When the input is x, we assume that the desired underlying mapping is f(x), which can be used as the input of the next layer. On the left of Figure 5, the regular block structure must learn the mapping f(x). On the right of Figure 5, in the residual structure, the corresponding layer of the neural network only needs to learn the residual mapping: f(x) − x. For example, if we want a layer to learn the identity mapping: f(x)−x, the residual mapping is easier to learn by pushing the weights and biases within the dotted-line box to zero.
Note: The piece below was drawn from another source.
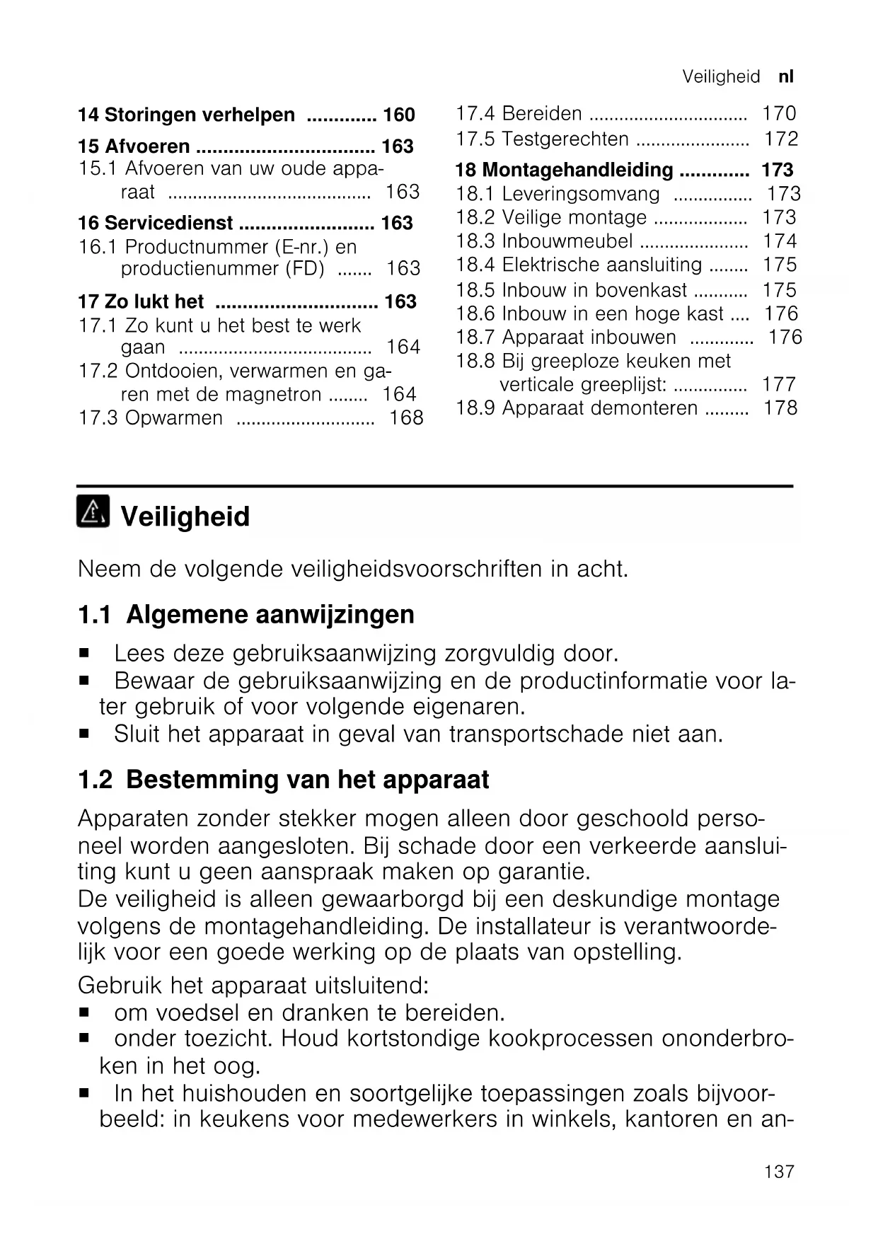 Veiligheid 1 Veiligheid Neem de volgende veiligheidsvoorschriften in acht. 1.1 Algemene aanwijzingen ¡ Lees deze gebruiksaanwijzing zorgvuldig door. ¡ Bewaar de gebruiksaanwijzing en de productinformatie voor la- ter gebruik of voor volgende eigenaren. ¡ Sluit het apparaat in geval van transportschade niet aan. 1.2 Bestemming van het apparaat Apparaten zonder stekker mogen alleen door geschoold perso- neel worden aangesloten. Bij schade door een verkeerde aanslui- ting kunt u geen aanspraak maken op garantie. De veiligheid is alleen gewaarborgd bij een deskundige montage volgens de montagehandleiding. De installateur is verantwoorde- lijk voor een goede werking op de plaats van opstelling. Gebruik het apparaat uitsluitend: ¡ om voedsel en dranken te bereiden. ¡ onder toezicht. Houd kortstondige kookprocessen ononderbro- ken in het oog. ¡ In het huishouden en soortgelijke toepassingen zoals bijvoor- beeld: in keukens voor medewerkers in winkels, kantoren en an- 137nl Veiligheid dere commerciële omgevingen, in boerderijen; van klanten in hotels en andere verblijven, in bed and breakfasts. ¡ tot een hoogte van 4000m boven zeeniveau. Dit apparaat voldoet aan de norm EN55011 resp. CISPR11. Het is een product van groep 2, klasse B. Groep 2 betekent dat er mi- crogolven worden geproduceerd om levensmiddelen te verwar- men. Klasse B houdt in dat het apparaat geschikt is voor huishou- delijk gebruik. 1.3 Inperking van de gebruikers Dit apparaat kan worden bediend door kinderen vanaf 8 jaar en door personen met fysieke, sensorische of geestelijke beperkin- gen of met gebrekkige ervaring en/of kennis, indien zij onder toe- zicht staan of zijn geïnstrueerd in het veilige gebruik van het appa- raat en de daaruit resulterende gevaren hebben begrepen. Kinderen mogen niet met het apparaat spelen. Reiniging en gebruikersonderhoud mogen niet worden uitgevoerd door kinderen, tenzij ze 15jaar of ouder zijn en onder toezicht staan. Zorg ervoor dat kinderen die jonger zijn dan 8 jaar niet bij het ap- paraat of de aansluitkabel kunnen komen. 1.4 Veiliger gebruik Accessoires altijd op de juiste manier in de binnenruimte schui- ven. WAARSCHUWING‒Brandgevaar! In de binnenruimte bewaarde brandbare voorwerpen kunnen vlam vatten. Bewaar nooit brandbare materialen in de binnenruimte. Wanneer er rook wordt geproduceerd moet het apparaat wor- den uitgeschakeld of de stekker uit het stopcontact worden ge- haald en moet de deur gesloten worden gehouden om eventu- eel optredende vlammen te doven. Losse voedselresten, vet en vleessap kunnen in brand vliegen. Voor gebruik dient u de binnenruimte, de verwarmingselemen- ten en de accessoires vrij te maken van grove verontreiniging. 138Veiligheid nl WAARSCHUWING‒Kans op brandwonden! Accessoires of vormen worden zeer heet. Neem hete accessoires en vormen altijd met behulp van een pannenlap uit de binnenruimte. In de hete binnenruimte kunnen alcoholdampen vlam vatten. De apparaatdeur kan openspringen. Er kunnen hete dampen en steekvlammen naar buiten treden. Gebruik slechts geringe hoeveelheden drank met een hoog al- coholpercentage. Geen alcoholhoudende dranken (≥ 15 % vol.) in onverdunde toestand (bijv. voor het opgieten of overgieten van gerechten) verhitten. Apparaatdeur voorzichtig openen. WAARSCHUWING‒Kans op verbranding! Tijdens het gebruik worden de toegankelijke onderdelen heet. De hete onderdelen nooit aanraken. Zorg ervoor dat er geen kinderen in de buurt zijn. Bij het openen van de apparaatdeur kan hete stoom vrijkomen. Stoom is afhankelijk van de temperatuur niet altijd zichtbaar. Apparaatdeur voorzichtig openen. Zorg ervoor dat er geen kinderen in de buurt zijn. Door water in de hete binnenruimte kan hete waterdamp ontstaan. Nooit water in de hete binnenruimte gieten. WAARSCHUWING‒Kans op letsel! Wanneer er krassen op het glas van de apparaatdeur zitten, kan dit barsten. Gebruik geen scherp of schurend reinigingsmiddel of scherpe metalen schraper voor het reinigen van het glas van de appa- raatdeur omdat dit het oppervlak kan beschadigen. Bij het openen en sluiten van de apparaatdeur bewegen de schar- nieren zich en kunnen ze klem komen te zitten. Kom niet met uw handen bij de scharnieren. WAARSCHUWING‒Kans op elektrische schok! Ondeskundige reparaties zijn gevaarlijk. Alleen daarvoor geschoold vakpersoneel mag reparaties aan het apparaat uitvoeren. 139nl Veiligheid Er mogen uitsluitend originele reserveonderdelen worden ge- bruikt voor reparatie van het apparaat. Wanneer de netaansluitkabel of de apparaataansluitkabel van dit apparaat beschadigd raakt, moet deze worden vervangen door een speciale netaansluitkabel of speciale apparaataansluit- kabel die verkrijgbaar is bij de fabrikant of de klantenservice. Als het netsnoer van dit apparaat wordt beschadigd, moet het door geschoold vakpersoneel worden vervangen. Een beschadigde isolatie van het netsnoer is gevaarlijk. Nooit het aansluitsnoer met hete apparaatonderdelen of warm- tebronnen in contact brengen. Nooit het aansluitsnoer met scherpe punten of randen in con- tact brengen. Het aansluitsnoer nooit knikken, knellen of veranderen. Binnendringend vocht kan een elektrische schok veroorzaken. Geen stoomreiniger of hogedrukreiniger gebruiken om het ap- paraat te reinigen. Een beschadigd apparaat of een beschadigd netsnoer is gevaar- lijk. Nooit een beschadigd apparaat gebruiken. Nooit een apparaat met gescheurd of gebroken oppervlak ge- bruiken. Nooit aan het netsnoer trekken, om het apparaat van het elektri- citeitsnet te scheiden. Altijd aan de stekker van het netsnoer trekken. Wanneer het apparaat of het netsnoer is beschadigd, dan direct de stekker van het netsnoer uit het stopcontact halen of de ze- kering in de meterkast uitschakelen. Neem contact op met de klantenservice.

The gradient transferred backward from the next layer can be directly transferred to the upper layer through shortcut connections, instead of multiplying activation functions between convolution layers, so that the gradient will not vanish and explode (Orhan and Pitkow, 2018). At the same time, the introduction of a residual structure can be regarded as an integrated model that transforms the original path between two points into a series of path combinations and achieves a better integration effect by promoting each path in the model to be more independent (Veit et al., 2016).

The residual structure helps us to use the deeper convolution neural network to capture the deeper features of spectral data. From the perspective of astronomical spectral data, the residual structure helps the model to expand the depth of the model, which makes the fitting space of the model more complex. This is in line with the specific characteristics of astronomical spectrum data.

Attention Mechanism

People can receive a large amount of sensory information through visual, auditory, tactile, and other ways in daily life. However, the human brain can work orderly with this external information bombing because it can select a small part of useful information from a large amount of the input information to focus on processing and ignore other information. For example, when we look for someone in a crowd, we focus on the person's face. When we want to count the number of people, we often only focus on the outline of each person. We can also learn from the attention mechanism of the human brain, selecting only the key information to focus on and weakening the process of unimportant information to improve the efficiency of the neural network (Zhao et al., 2020). In the task of spectra recognition, the attention mechanism can also be used to make the neural network focus on the information that can express the specific meaning of the spectra to recognize better (Chen et al., 2017).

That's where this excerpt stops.